Nuestra fosa, nuestro foso

Cuentan las crónicas que tras la derrota de Napoleón en Waterloo en 1815, los soldados supervivientes de los ejércitos que acababan de enfrentarse, consternados ante el dantesco espectáculo de la mortandad que inundaba el valle donde se desarrolló la batalla, cavaron una inmensa fosa en la que dieron sepultura a todos los caídos, sin distinción de nacionalidades ni colores de casacas. Se abrazaron entre ellos, intercambiaron tabaco y rezaron juntos en ese gigantesco túmulo funerario donde reposaban sus compañeros, a quienes los dados de la historia les abocaron a defender a uno u otro bando, pagándolo con su vida. Aún se conserva allí un esperanzador epitafio, grabado en roca por un piadoso sargento gabacho, apelando a la necesidad de que los seres humanos solventemos nuestras diferencias mediante la inteligencia y la compasión, sin recurrir jamás al argumento de la violencia.
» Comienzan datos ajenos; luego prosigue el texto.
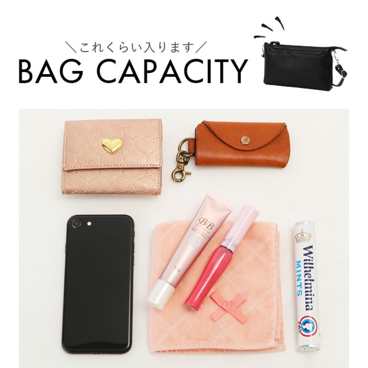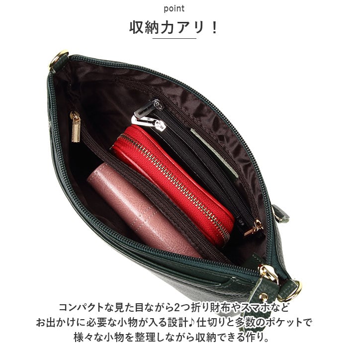 ・コンパクトな見た目ながら2つ折り財布やスマホなどお出かけに必要な小物が入る設計♪
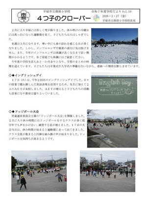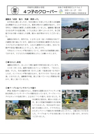 - 2025/12/01 令和7年度 地域版 南原小学校だより「4つ子のクローバーvol7」をお届けします。
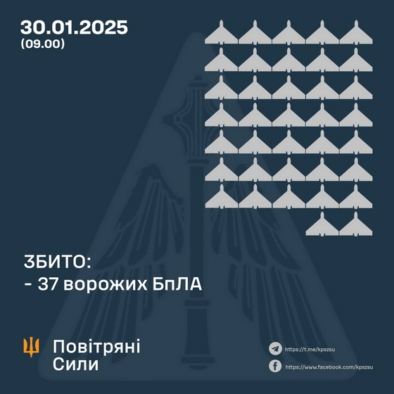 Станом на 09.00 підтверджено збиття 37-ми ударних БпЛА типу «Shahed» та безпілотників інших типів у Полтавській, Сумській, Київській, Черкаській, Кіровоградській, Житомирській, Хмельницькій, Дніпропетровській, Херсонській та Одеській областях.
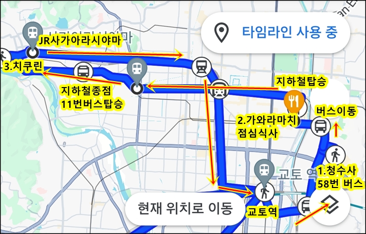 교토는 되도록 지하철, 전철, 걷기로 이동 추천
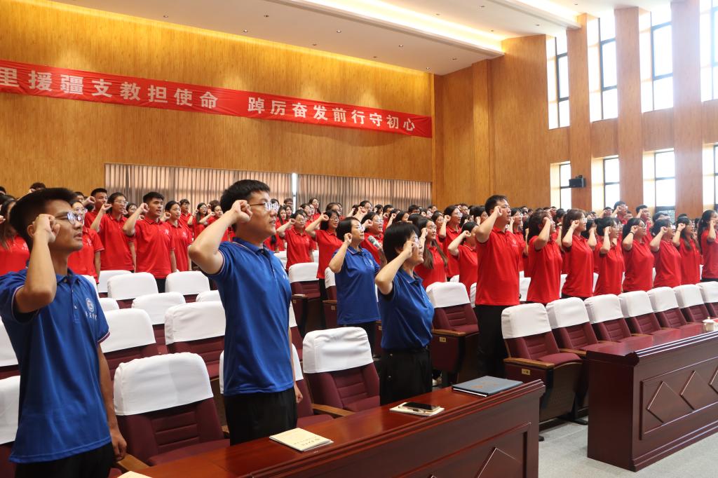 在何芳带领下,援疆实习支教师生进行集体宣誓。

Europa está repleta de enterramientos colectivos similares, testigos de un pasado bélico felizmente superado. Si uno pasea por el bosque del Valle de La Lozere, en Francia, se encuentra, de pronto, con una fosa en la que yacen 93 partisanos franceses y 23 milicianos españoles, abatidos por tropas de élite alemanas el 28 de mayo de 1944. Un auténtico santuario son las Fosas Ardeatinas, en la provincia italiana de Bolsano. Conmociona ver la fosa de Huda Jama, en Eslovenia, o la de Hall, en el Tirol austríaco. La lista sería interminable, pero lo realmente admirable es el hondísimo respeto que albergan las gentes y las autoridades de aquellos lugares, que acuden anualmente a rendir homenaje a quienes allí murieron. 
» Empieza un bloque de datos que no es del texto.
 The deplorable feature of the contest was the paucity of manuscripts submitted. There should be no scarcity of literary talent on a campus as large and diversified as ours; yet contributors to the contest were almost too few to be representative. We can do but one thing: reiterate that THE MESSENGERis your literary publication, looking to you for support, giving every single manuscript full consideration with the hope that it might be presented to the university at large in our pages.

No obstante, Sevilla is different. O bien, parafraseando a “Los del Río”, nuestro Alcalde tiene un color especial. Don Juan Espadas no debe haberse dado una vuelta por las referidas fosas y desconoce su enseñanza histórica. Por ello ha invertido 680.000 euros en la exhumación de los 1.103 cadáveres de la fosa “Pico Reja” del cementerio de San Fernando, exigiendo colaboración económica a la Diputación Provincial y a la Junta de Andalucía para llegar al millón de euros. 

Es decir, que en vez de ser un lugar de veneración y de sencillos y sentidos reconocimientos públicos a la dignidad de nuestros muertos, la fosa es ahora el foso donde se dilapidan los dineros de los sevillanos, sin ninguna utilidad práctica para mejorar la convivencia entre vecinos o mejorar su bienestar social. 
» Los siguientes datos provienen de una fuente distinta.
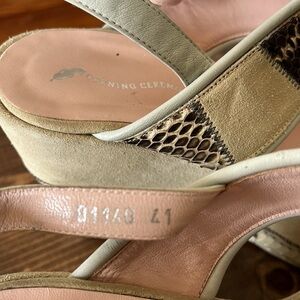 Opening Ceremony Cream Suede Leather & Snakeskin Ankle Strap Platform Wedges
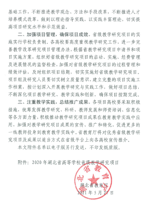 (通讯员 胡艳红)近日,湖北省教育厅印发了《省教育厅关于公布2020年湖北高校省级教学研究项目的通知》,医学部共获批3项,创历年获批数量新高。
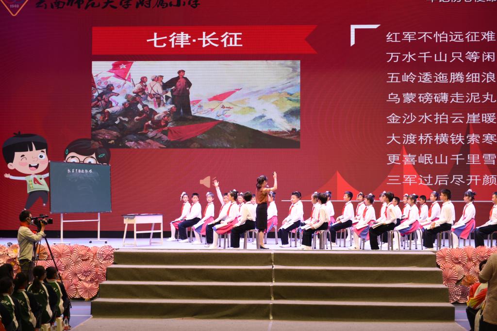 随后,FUN乐天使官方网站附属小学实践教学展示《边疆儿童心向党》拉开了活动序幕,小学组FUN乐天使官方网站附属小学林子琪老师、FUN乐天使官方网站附属俊发城实验小学宋蕾老师分别带来了《红军不怕远征难》和《中国有了共产党》的现场教学。中学段展示由FUN乐天使官方网站实验中学实践教学《红船》开启,FUN乐天使官方网站实验中学张琪老师、FUN乐天使官方网站附属官渡中学王儒家老师、云师大附属中学王冬老师分别现场展示了《微光照亮星辰大海 细节诠释爱国主义》《坚持改革开放》《始终以人民为中心》。大学段展示在一曲《走向复兴》的实践教学中展开,FUN乐天使官方网站马克思主义学院李磊副教授带来了《历久弥新的马克思主义》的现场教学。
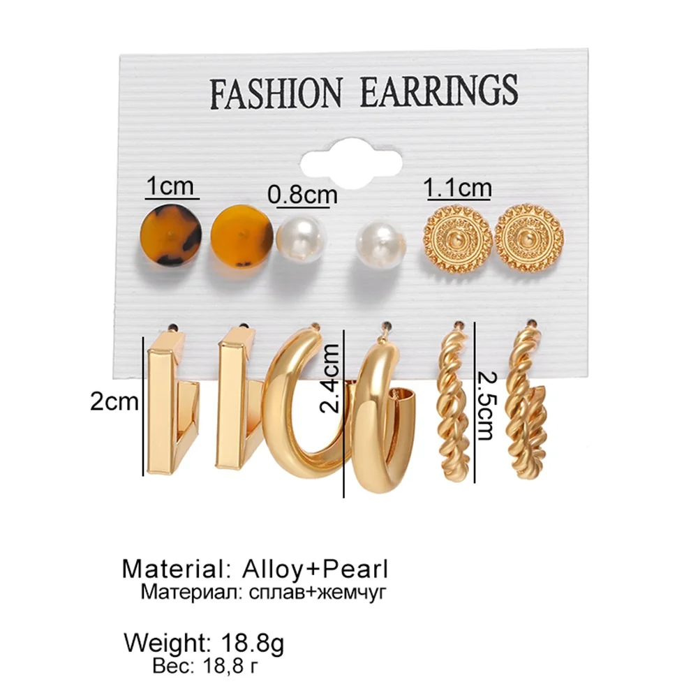 EN геометрические жемчужные серьги-гвоздики Комплект сережек для женщин винтажные золотые металлические квадратные круглые серьги 2021 тренд ювелирные изделия Вечерние

Y es que un servidor está convencido de que si mis restos se hallasen en una fosa común, por avatares de guerra o de ignorancia, lo que menos desearía es que me removieran por vanidad o por rédito político. Que me rece un responso quien quiera y que coloquen allí un epitafio como el de la fosa de Waterloo. Y que el dinero que se ahorren las arcas públicas lo destinen a los vivos, que son quienes realmente lo necesitan. Sobre todo nuestros vecinos más desfavorecidos o las familias que malamente llegan a fin de mes.